A group of four South Asian community activists met with members of the press earlier this week to discuss the disparity in their schools and governmental offices, calling for political leadership and cultural recognition.

Sharon KhunKhun, a founding member with SEVA Immigrant Community Advocacy Project, said she has been encouraging community involvement in local politics for the last several years, and says her ethnic group is no longer in the minority.

“The kids growing up in Richmond Hill, their parents aren’t going to college,” KhunKhun said. “So they’re not out there saying, 'hey fill out this form or take this exam.' The information is just not coming to the community.”

Representing Bangladeshi, Pakistani, Sikh and numerous other populations that make up their community in Queens, the panel of local advocates said while they have yet to choose their support for the upcoming re-election campaign, they are enthusiastic for what local attorney and activist Ali Najmi could bring to the table.

“Our community would love a candidate that looks like us, but everyone does, that’s human nature,” she explained. “But we have to also be objective to say, does this person have the skills?”

Muhammad Rashid, an owner of the Smart Academia at 165-23 Hillside Ave., a test prep establishment where the meeting was held, called out current Assemblyman David Weprin for being out of touch with his new constituents.

“We should have a representative from the south Asian community,” Rashid said. “There is almost zero, as you can see, but the Asian and South Asian communities are united.”

Rashid said that although Weprin recently announced plans to open his first district office in Richmond Hill, he said that his efforts were, “Too little too late.”

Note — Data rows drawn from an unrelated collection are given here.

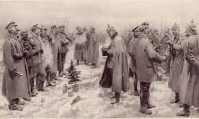 In 1914 a British soldier in the trenches listened to German soldiers singing Silent Night in the darkness and risked his life to stand up and join in. Soldiers from both armies spent Christmas exchanging gifts and playing ball…a small respite from killing one another.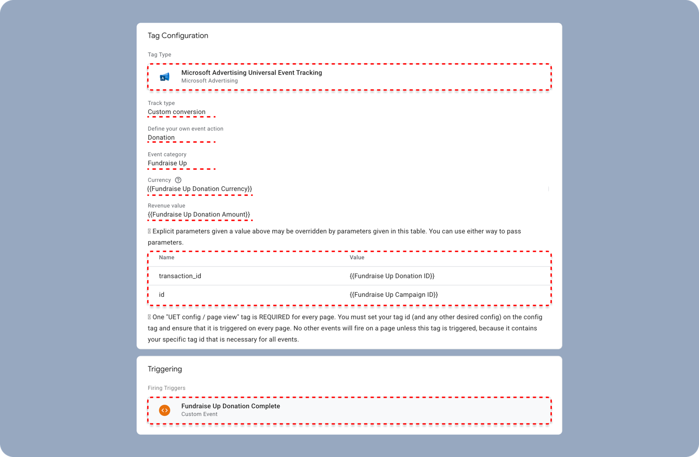 Microsoft Advertising is a pay-per-click ad platform for Bing, Yahoo, and DuckDuckGo. This article explains how to send Fundraise Up donation conversions to Microsoft Advertising using Google Tag Manager (GTM) and Fundraise Up dataLayer events.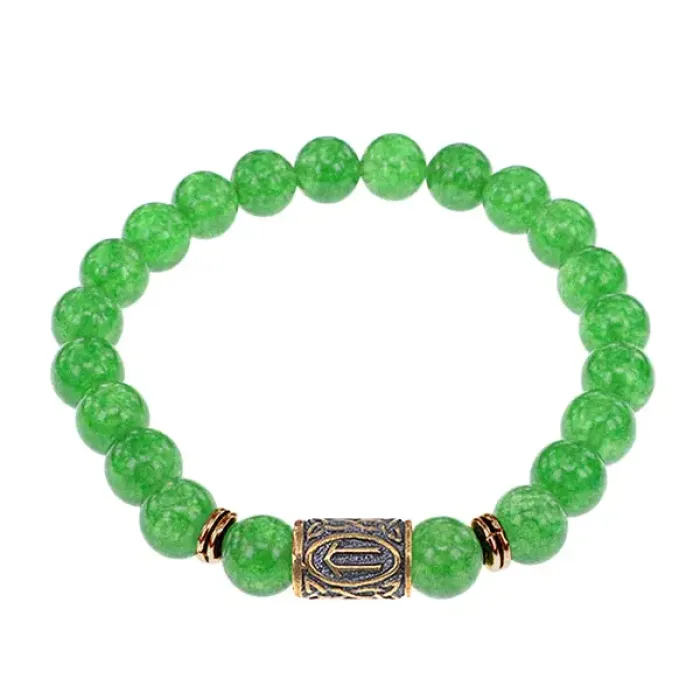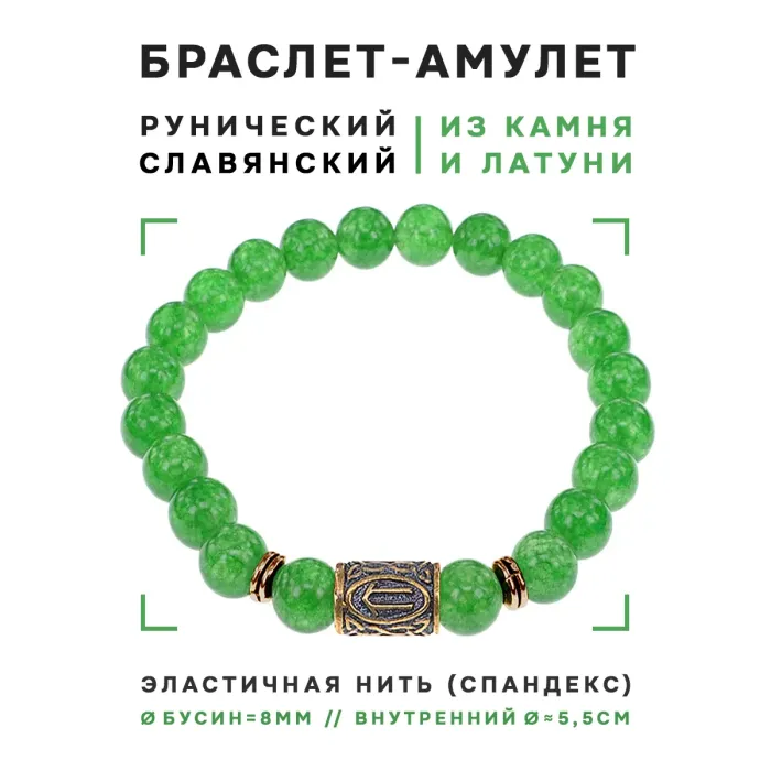 Браслет со славянской руной Ветер и нат.камнем Нефрит, 8мм BSRN-09-13

“The best thing is that, if a South Asian leader comes, and he becomes an Assemblyman of this district, that will be history,” he said. “Who does not want to be a part of history?”

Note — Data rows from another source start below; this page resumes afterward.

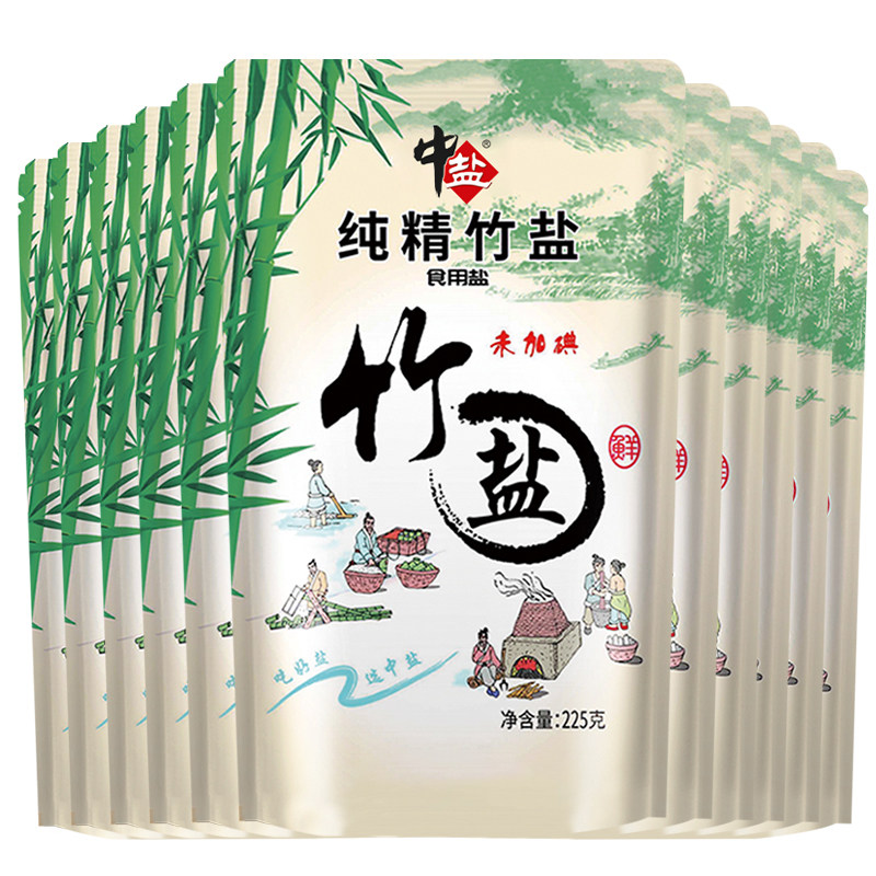 Medium salt not added with iodine bamboo salt 12 packets of bamboo salt Domestic edible salt no anti-binding agent without iodine salt cooked salt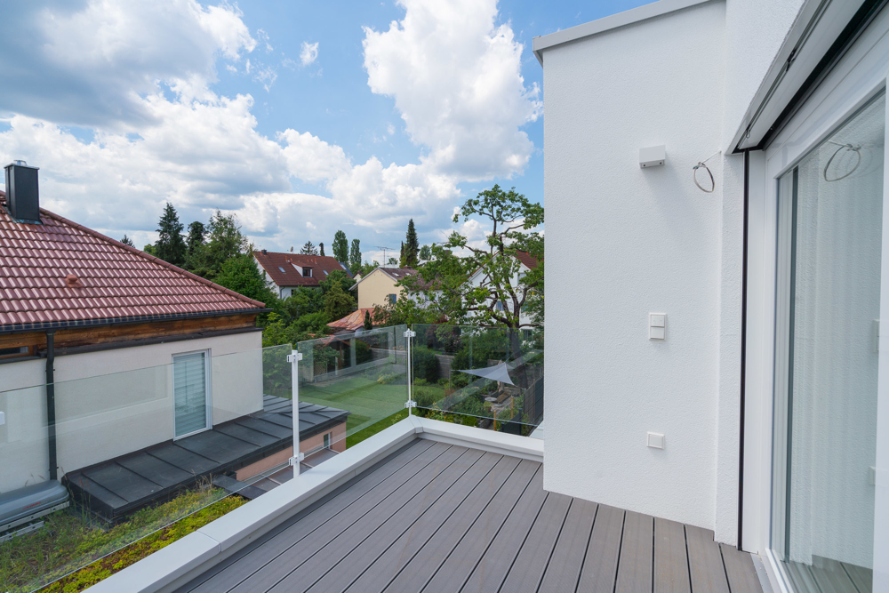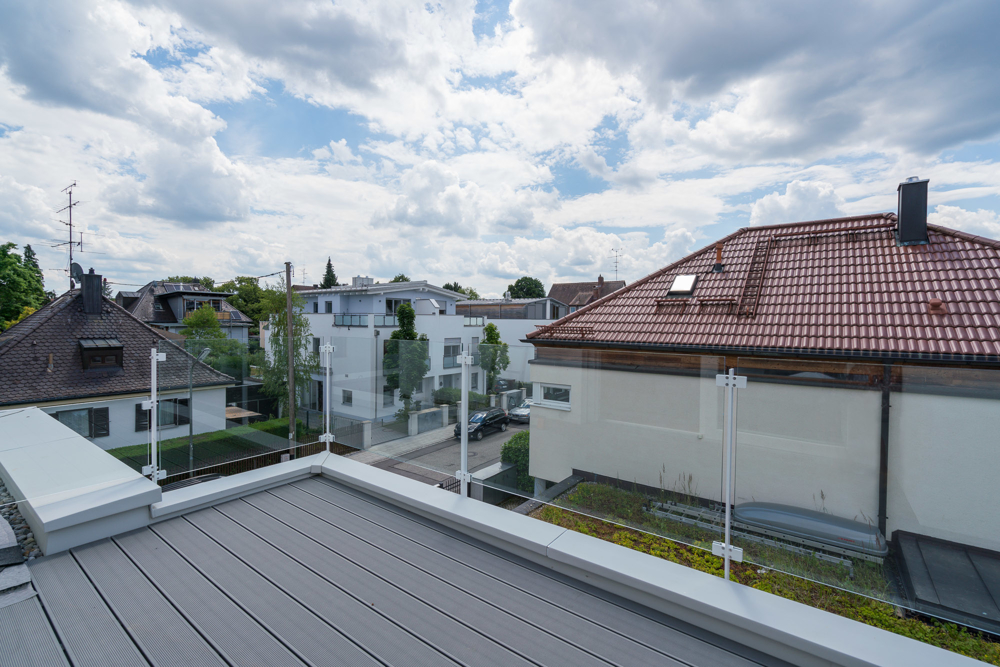 - Süd Dachterrasse ca. 10 m² mit Glas-Brüstungen und PWC-Belag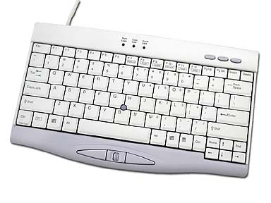 テンキーを省き、292(幅)×172.6(奥行き)×34(高さ)ミリとコンパクトなキーボード。中央部にスティックポインタを搭載するほか、新たに画面スクロールが可能なホイールを手前側に設けた。

Richmond Hill became part of the 24th District in the 2012 redistricting. A representative from Weprin’s office said they have been working hard to open an office in the community and are planning on doing so on June 8.

"This is a very diverse district, and I'm proud of my work representing every community and every ethnicity in our neighborhoods,” Weprin responded in a statement following the meeting. “I've been a leader in Albany on issues important to the South Asian community, opening the first-ever district office on Atlantic Avenue in Richmond Hill.”

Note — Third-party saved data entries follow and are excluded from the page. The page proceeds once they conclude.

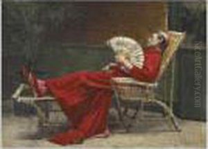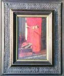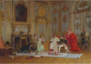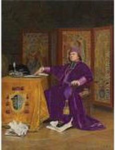 Kardinal An Einem Tischsitzend, Eine Schreibfeder Betrachtend, Auf Der Lehne Des Stuhlesein Kakadu.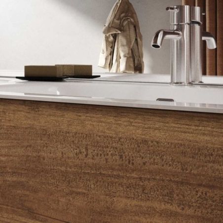 Conçu en panneaux de particules haute densité. Revêtement mélaminé aspect bois de première qualité. Vasque en céramique.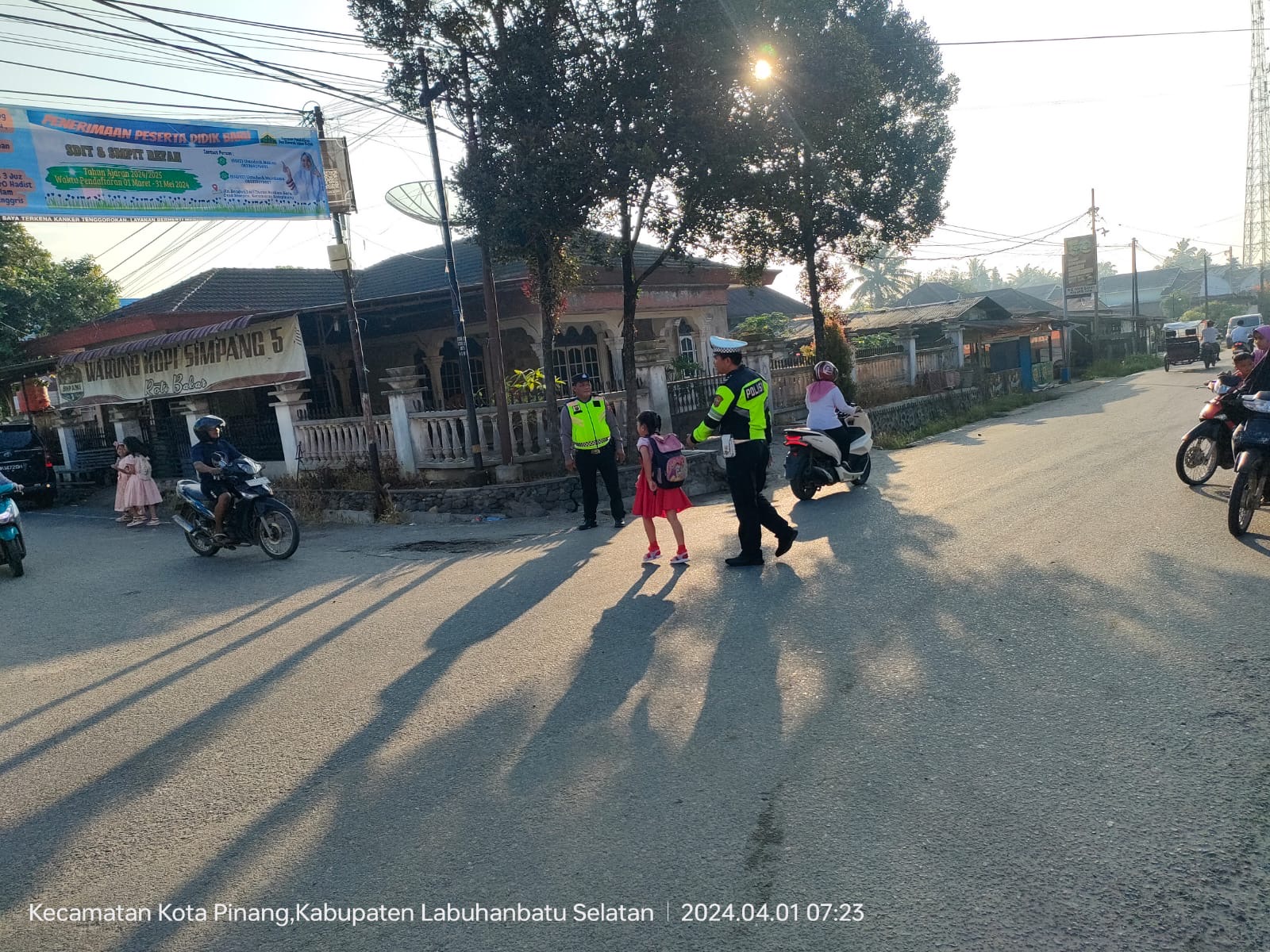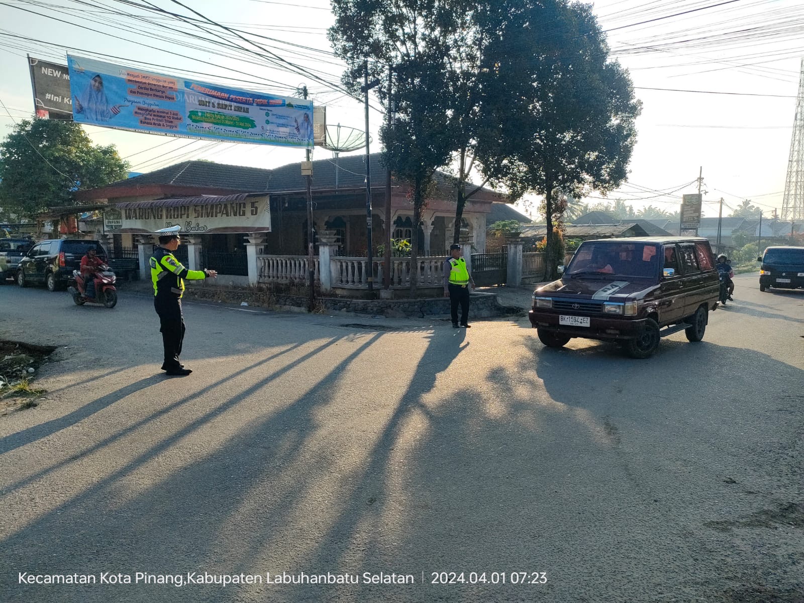 Labuhanbatu Selatan – Untuk memberikan rasa aman dan nyaman kepada pengguna jalan raya, dua personil Satuan Lalu Lintas Polres Labuhanbatu Selatan, yaitu AIPTU Budi Sihaloho dan AIPTU Leo Sinulingga, melaksanakan kegiatan Strong Point Pagi di sekitar Jalinsum wilayah Kecamatan Kotapinang, Kabupaten Labuhan Batu Selatan, Senin (1/4/2024).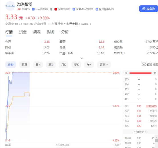 10月31日早盘,渤海租赁开盘涨近5%,随后该股持续上行,盘中触及涨停,截至10:21分,该股报3.33元每股,涨幅为9.9%,涨停封单近百万手。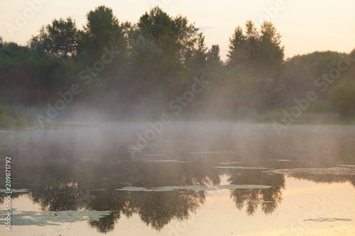 GOMEL, BELARUS. the mist spreads over the water at dawn.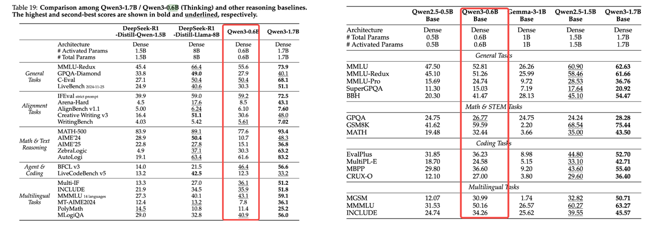 根据图1官方评估结果,Qwen3 0.6B 在多个评测基准上的表现甚至超过了参数量更大的模型。在 MMLU 任务中,Qwen3 0.6B 获得了 52.81 的分数,在 Math & STEM 类任务的 GPQA 测试中得分 26.77,在 Coding 类任务的 EvalPlus 中达到 36.23 分。这些数据充分体现了模型在通用语言理解、数学推理和代码生成等多个维度的综合能力。对比 Gemma-3-1B(1B 参数)和 Qwen2.5-1.5B(1.5B 参数)等更大规模的模型,Qwen3 0.6B 在某些特定任务上展现出相当甚至更优的性能,证明了其训练和优化策略的有效性。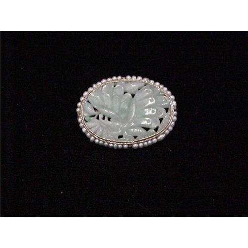 Exquisite Circa 1920 Art Deco carved jadeite, pearl and 14kt yellow gold brooch with pearl surround mount, carved jadeite depicting a butterly in flight. Lovely piece. Very pretty look. Reverse: lever safety catch, ball hinge (replacement hinge). Beautiful piece. Nice jade. Lovely natural pearls!!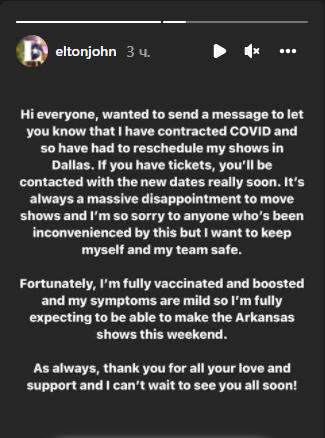 "Привет всем! Хотел сообщить, что я заразился COVID, поэтому мне пришлось перенести шоу в Далласе. Приношу извинения всем, но я бы не хотел подвергать опасности себя и свою команду", - сообщил Джон.

He added that he has in fact long fought for all of his constituents.

“I've sponsored legislation to require schools to provide Halal food for students, spoken out against hate crimes and bias, and I've worked to make sure that no one faces workplace discrimination for wearing religious apparel, no matter what their faith,” Weprin said.

Sarabjit Sawhney, an accounting officer at Tax Raja Management Associates in Richmond Hill, said that while Rashid is just looking for a South Asian to represent the district, he plans to advocate for anyone who can do a good job.

“Our thought is more open, and if Weprin can come forward with a good proposal to make this community stronger, because he has a lot of experience and he is a very senior member in the community, then he should come with that plan,” Sawhney said after the meeting.